Project description:Cirrhosis is associated with a systemic proinflammatory milieu, endotoxemia, and gut dysbiosis. The oral cavity could be an additional source of inflammation. We aimed to determine the effect of periodontal therapy in cirrhosis through evaluating endotoxemia, inflammation, cognition, and quality of life (QOL). Age-matched cirrhotic and noncirrhotic subjects exhibiting chronic gingivitis and/or mild or moderate periodontitis underwent periodontal therapy with follow-up at 30 days. Saliva/stool for microbial composition and serum for Model for End-stage Liver Disease (MELD) score, endotoxin and lipopolysaccharide binding protein (LBP) and immune-inflammatory markers (IL-1?; IL-6; histatins 1, 3, 5; and lysozyme) were collected at baseline and day 30. The cognitive function and QOL were also evaluated similarly. A separate group of cirrhotic patients were followed for the same duration without periodontal therapy.
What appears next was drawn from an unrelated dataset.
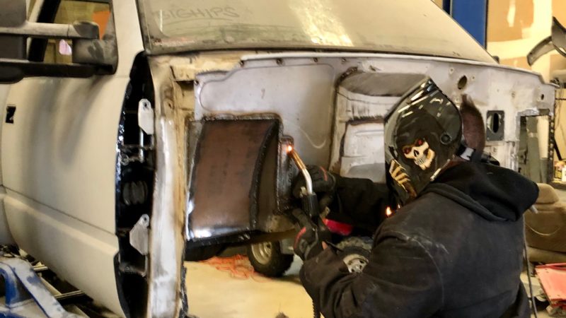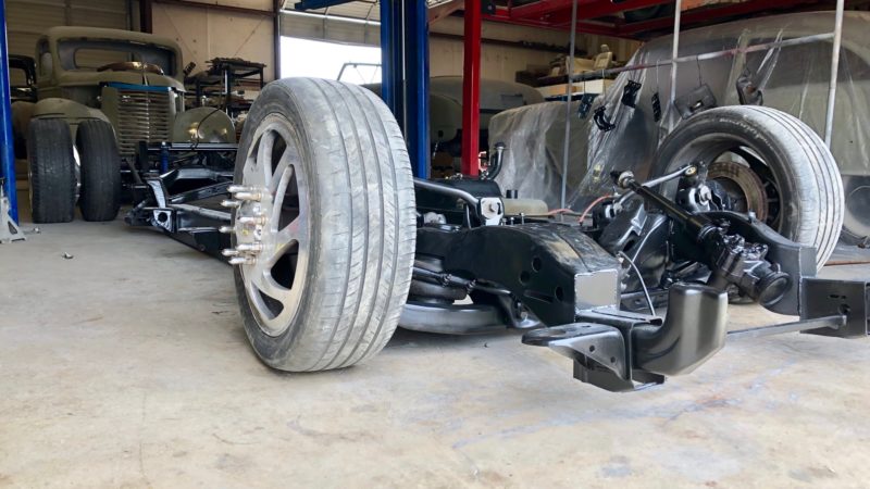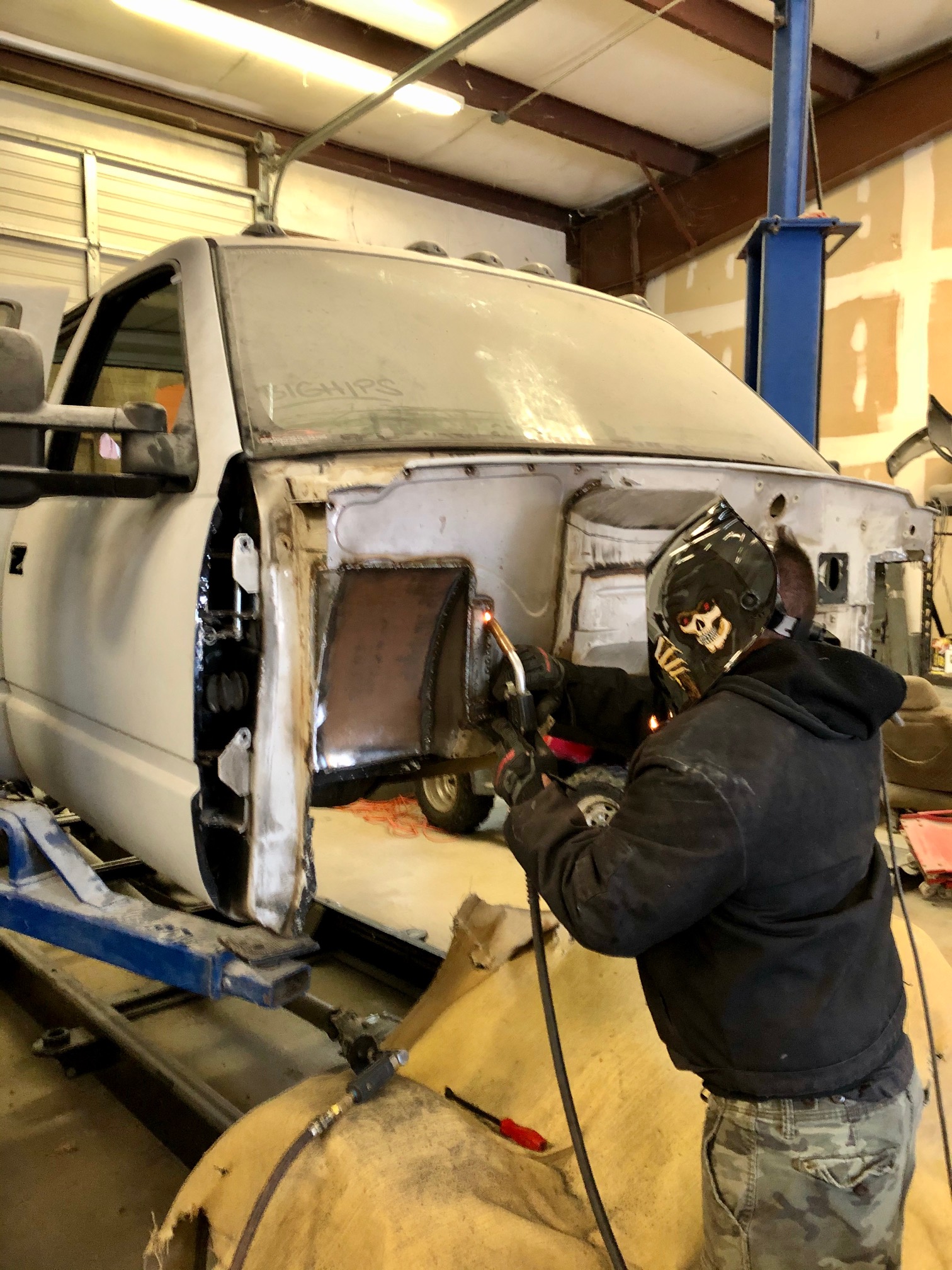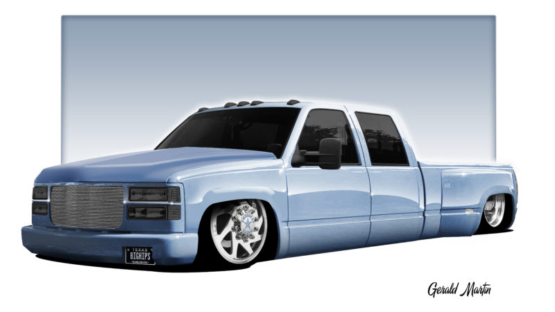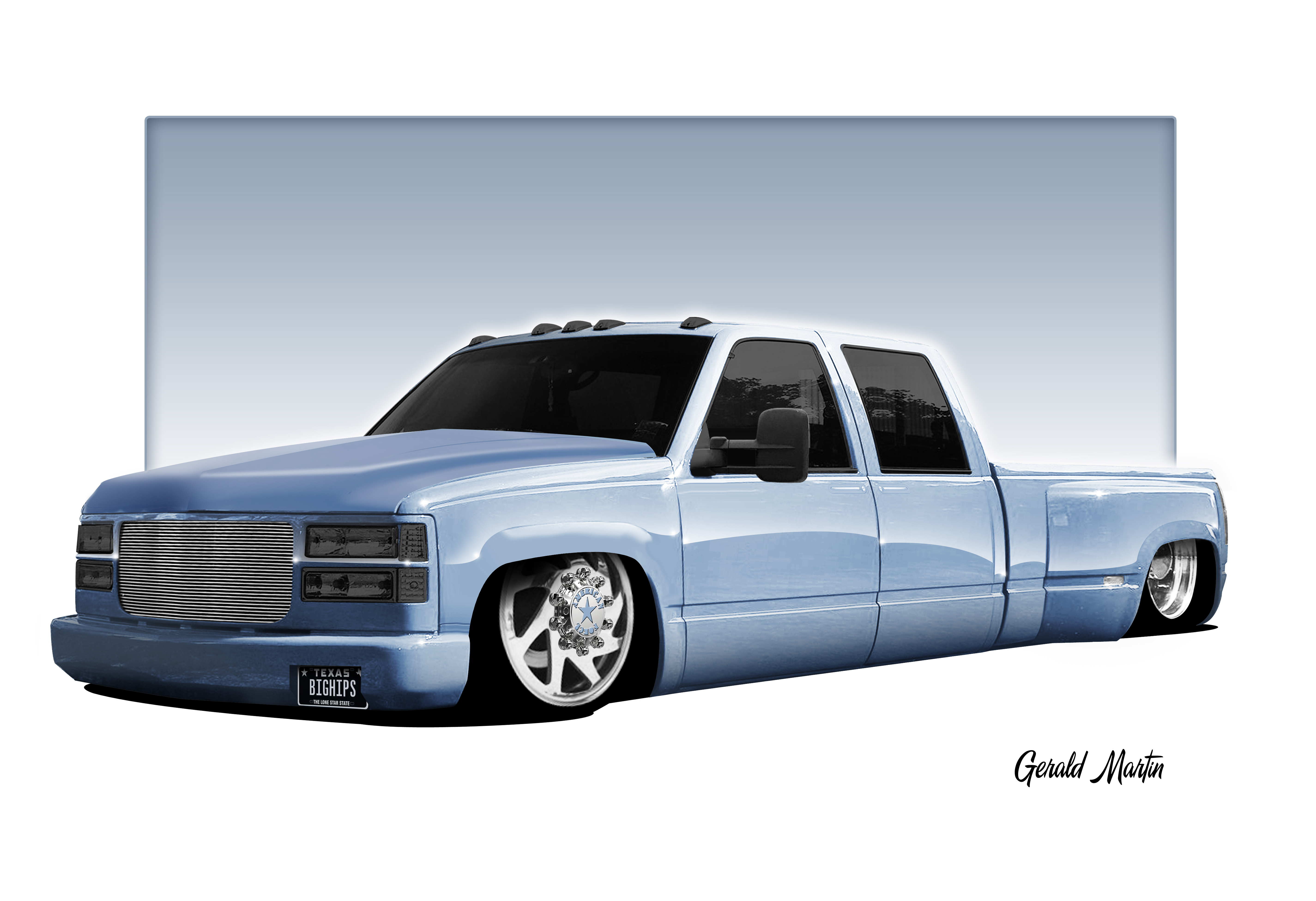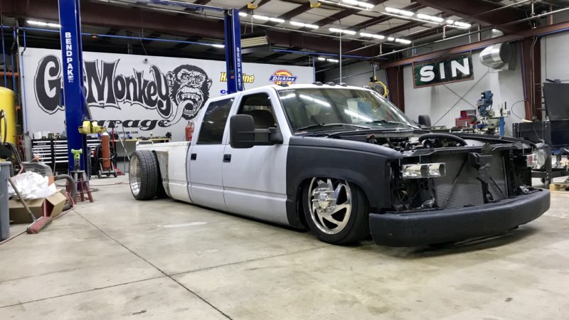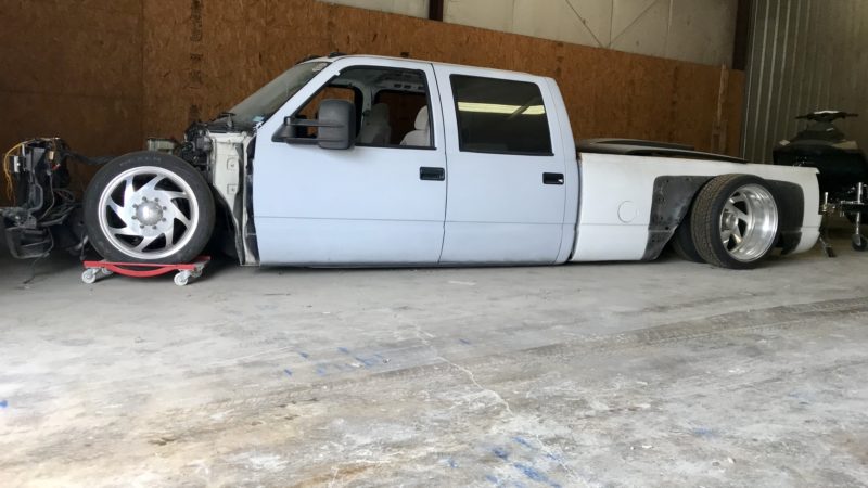 The truck is traditional body dropped and I’m running Slam Specialties SS-8 front bags, 3200lb Firestone bags in the rear, NFamus Watts link, Sean’s Garage 4-link, Accuair Endo tank with E-Level and dual stealth Viair 480 compressors. The engine is a 454 bored .30 over running a Lunati cam and a Holley Terminator EFI kit with custom headers and Magnaflow exhaust. The truck has 22” American Force Wheels as well as Rocky Hinge suicide rear doors and the interior will have a 1962 Chevy truck dash with custom door panels and 4 bucket seats in leather and the plastics will be wrapped and painted as well, we are building a custom center console that will go from the dash to the back of the cab. It will also be running Vintage Air air conditioning

Cirrhotics, especially those with hepatic encephalopathy (HE), demonstrated improved dysbiosis in stool and saliva, and improved endotoxin, LBP, and salivary and serum inflammatory mediators following periodontal therapy. These parameters, which were higher in HE at baseline, became statistically similar posttherapy. Pretherapy vs. posttherapy QOL and cognition also improved in HE patients following oral interventions. On the other hand, LBP and endotoxin increased over time in cirrhotic patients not receiving therapy, but the rest of the parameters, including microbiota remained similar over time in the no-therapy group. This proof-of-concept study demonstrates that periodontal therapy in cirrhosis, especially in those with HE, is associated with improved oral and gut dysbiosis, systemic inflammation, MELD score, and cognitive function, which was not observed in those who did not receive therapy over the same time period. NEW & NOTEWORTHY Systematic periodontal therapy in cirrhotic outpatients improved endotoxemia, as well as systemic and local inflammation, and modulated salivary and stool microbial dysbiosis over 30 days. This was associated with improved quality of life and cognition in patients with prior hepatic encephalopathy. In a cirrhotic group that was not provided periodontal therapy, there was an increase in endotoxin and lipopolysaccharide binding protein in the same duration. The oral cavity could be an important underdefined source of inflammation in cirrhosis.